- RECORDED DATA:
= Beginning of Section =
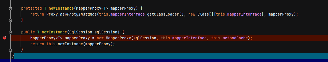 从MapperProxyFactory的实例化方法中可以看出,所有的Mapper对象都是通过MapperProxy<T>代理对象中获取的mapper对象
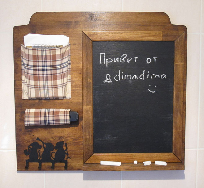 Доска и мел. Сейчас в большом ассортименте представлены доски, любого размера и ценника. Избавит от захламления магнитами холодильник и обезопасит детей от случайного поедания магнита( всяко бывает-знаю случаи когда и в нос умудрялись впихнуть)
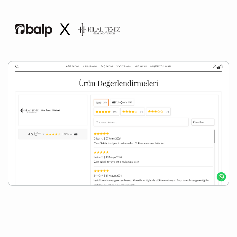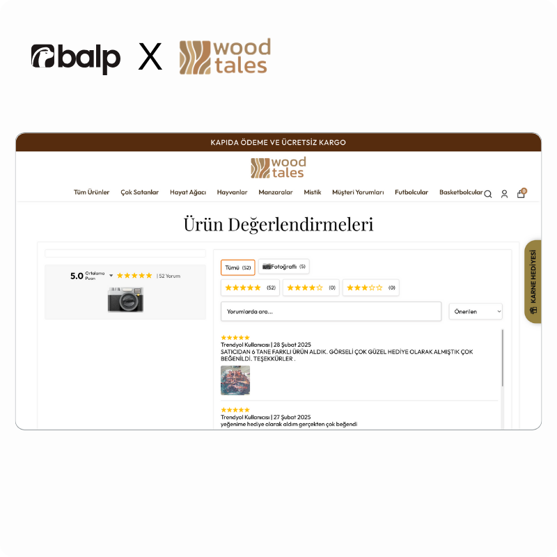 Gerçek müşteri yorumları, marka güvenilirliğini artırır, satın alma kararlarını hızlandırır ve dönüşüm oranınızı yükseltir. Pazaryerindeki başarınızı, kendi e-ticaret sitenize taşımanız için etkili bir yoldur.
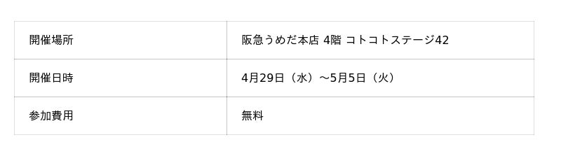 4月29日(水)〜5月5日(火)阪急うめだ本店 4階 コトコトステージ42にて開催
= End of Section =
- DIRECTIONS:
Reproduce word for word the lines from the line holding "Gerçek müşteri yorumları, marka" through the last line of the material above, inclusive, and keep pictures out of it.

- PROBLEM SOLUTION:
 Gerçek müşteri yorumları, marka güvenilirliğini artırır, satın alma kararlarını hızlandırır ve dönüşüm oranınızı yükseltir. Pazaryerindeki başarınızı, kendi e-ticaret sitenize taşımanız için etkili bir yoldur.
 4月29日(水)〜5月5日(火)阪急うめだ本店 4階 コトコトステージ42にて開催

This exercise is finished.